Lavrinhas is part of the Metropolitan Region of Vale do Paraíba e Litoral Norte. The population is 7,361 (2021 est.) in an area of 167.07 km2. The elevation is 508 m. The state of Minas Gerais is bounded to the North.

The municipality contains part of the 292000 ha Mananciais do Rio Paraíba do Sul Environmental Protection Area, created in 1982 to protect the sources of the Paraíba do Sul river.

==Coat of arms==

Its coat of arms has a red shield with the tag at the bottom reading Cave nam vigilio (Latin for "Watch yourself, for I'm watching") with two soldiers on each side and with three swords over three mountaintops coloured in orange.

==Flag==

Its flag colors are white on the left side and yellow on the right side with its coat of arms of the left.

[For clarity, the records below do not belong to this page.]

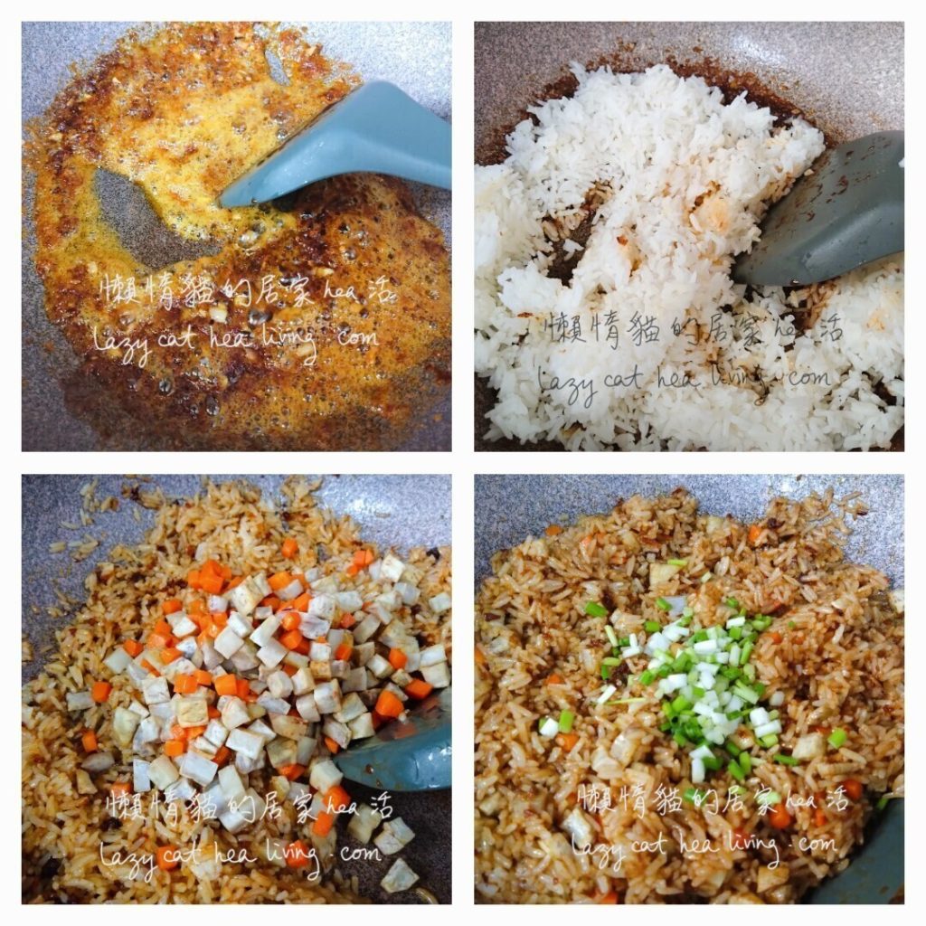 - 白飯下鍋一起炒, 炒至飯粒散開, 顏色均勻以後, 加入步驟 3 的芋頭和甘筍炒勻。
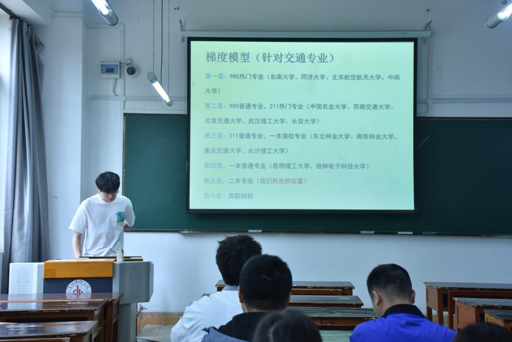 本网讯(交通工程学院 图文/沈冬冬)为加强学风建设,帮助同学们增强考研信心,合理择校,科学应对2024届考研,2023年4月14日上午10点,交通工程学院在3-108教室举办2024届考研学生经验分享会。学院两位今年“上岸”的交通191班王毓文、柏宇栋同学受邀分享经验,2024届部分考研学生参加。
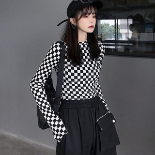 Áo thun tay dài dáng ôm họa tiết sọc caro phong cách Hàn Quốc dành cho nữ
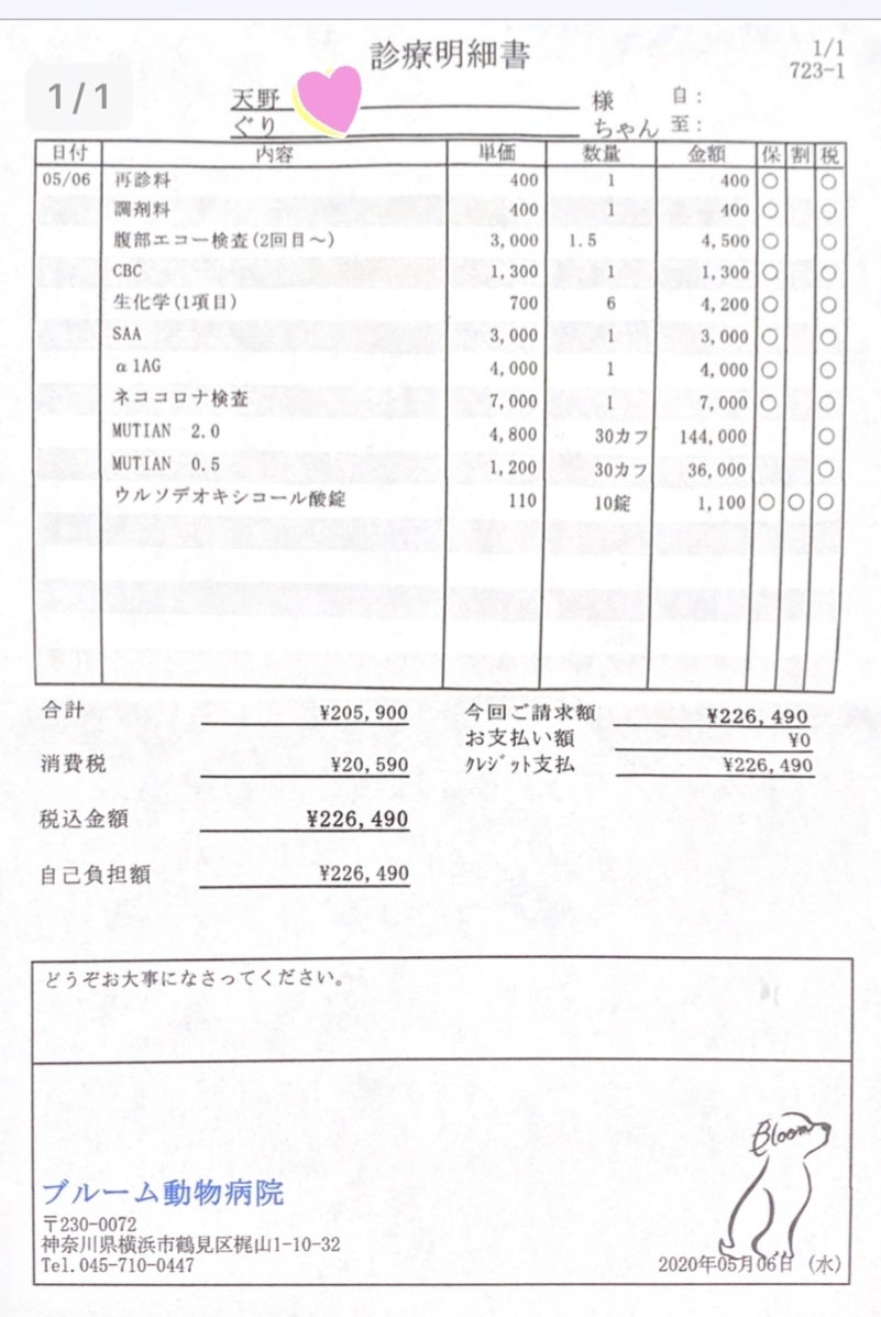 ぐりの症状が改善されるにつれ、ぐりの体重が増加し診察時は2.5㎏になっていたため先生より「2.7㎏になると新薬の投与量が300mgとなるので薬が足りなくなった場合は郵送します」と伺いました。新型コロナウイルスの影響もあり、ぐりの経過が良いことから次の診察は約1カ月後の5/30となりました。この日のお会計は22万6千円でした。
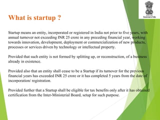 The document provides information about the launch of the Startup India initiative by Prime Minister Narendra Modi. Some key points:
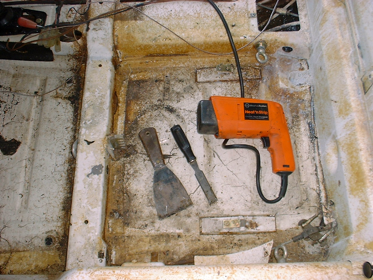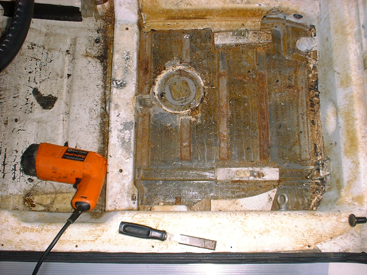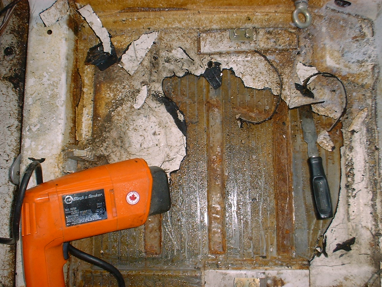 Assuming this stuff (tar like crap) and the underside is sound, why not leave things alone? It may have some sound dampening characteristics. It has some sound dampening characteristics, but removing it is a great way to remove weight, and you can use something lighter like dynamat instead. I didn't really notice a big difference when I removed the tar in my car and decided not to install any sound deadening material under the carpet. You also can't be sure if there's any rust underneath without removing the stuff first. Even if it looks ok, there's often some rust in areas, like around the pedal cluster or around the e-brake. |
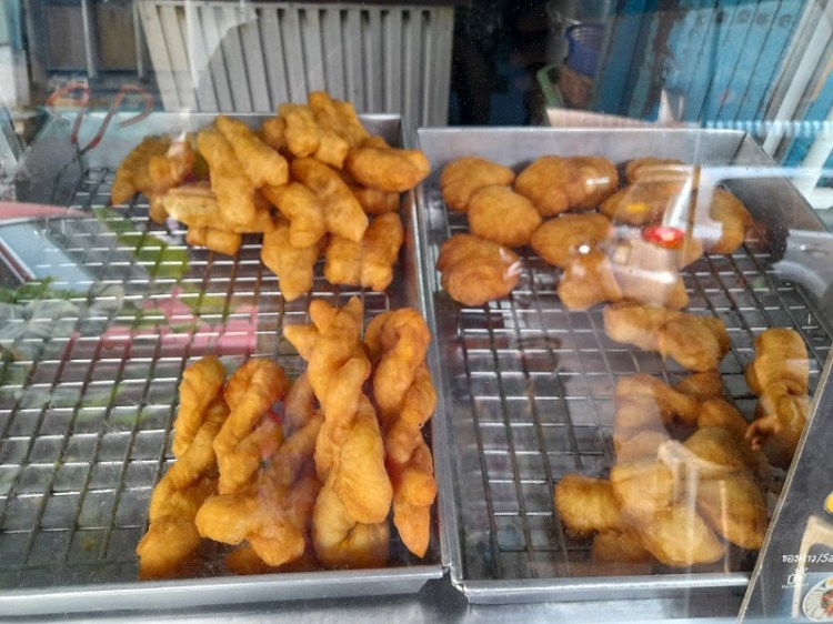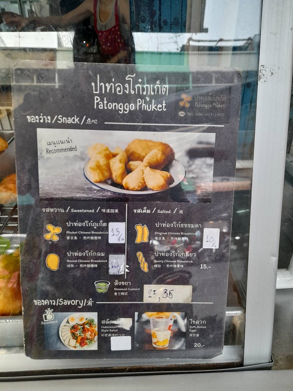 “ลูกค้าบางคนก็จะชอบหวาน หวานนี่คือสี่ขาของภูเก็ต ซาลาเปาหวาน ๆ เค็ม ๆ แล้วก็ปาท่องโก๋ธรรมดาเป็นคู่ แล้วก็แบบเกลียวเนี่ย ผมไม่ได้ทำขายนะ คือผมทำกินเอง เหลือเศษแป้งหน่อยนึงผมก็ม้วน ๆ กะทำกินเอง พอลูกค้าเขาเห็นเขาขอซื้อ ตอนนี้ที่ร้านมีปาท่องโก๋ 4 แบบ คือ สี่ขาของภูเก็ต, ซาลาเปา, แล้วปาท่องโก๋ธรรมดาเป็นคู่ และแบบเกลียว พระเอกในร้านเป็นปาท่องโก๋ของภูเก็ต ผมเป็นคนภูเก็ต
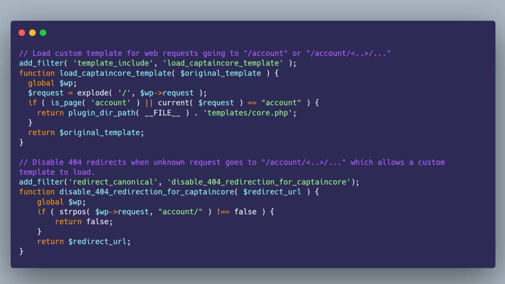The second part is to disable WordPress’ built in 404 redirection. If a request is not found, WordPress falls back to its permalink structure. That means a request going to something like account/unknown_page might get changed to post/unknown_page which would not be helpful. The redirect_canonical filter can be used to disable this redirection, thus allowing the original request to fallback to the custom template as defined above.
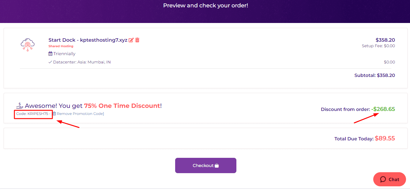 Finally, enter the coupon code KRIPESH75 in the Promo code field and click on ‘Checkout’ to complete your payment process. This is how you can avail a 75% discount on HostArmada hosting.

The line is not straight.

==Population history==

| Year | Population |
|---|---|
| 2000 | 6,008 |
| 2004 | 6,692 |
| 2015 | 7,052 |
| 2021 | 7,361 |

== Media ==
In telecommunications, the city was served by Companhia Telefônica Brasileira until 1973, when it began to be served by Telecomunicações de São Paulo. In July 1998, this company was acquired by Telefónica, which adopted the Vivo brand in 2012.

The company is currently an operator of cell phones, fixed lines, internet (fiber optics/4G) and television (satellite and cable).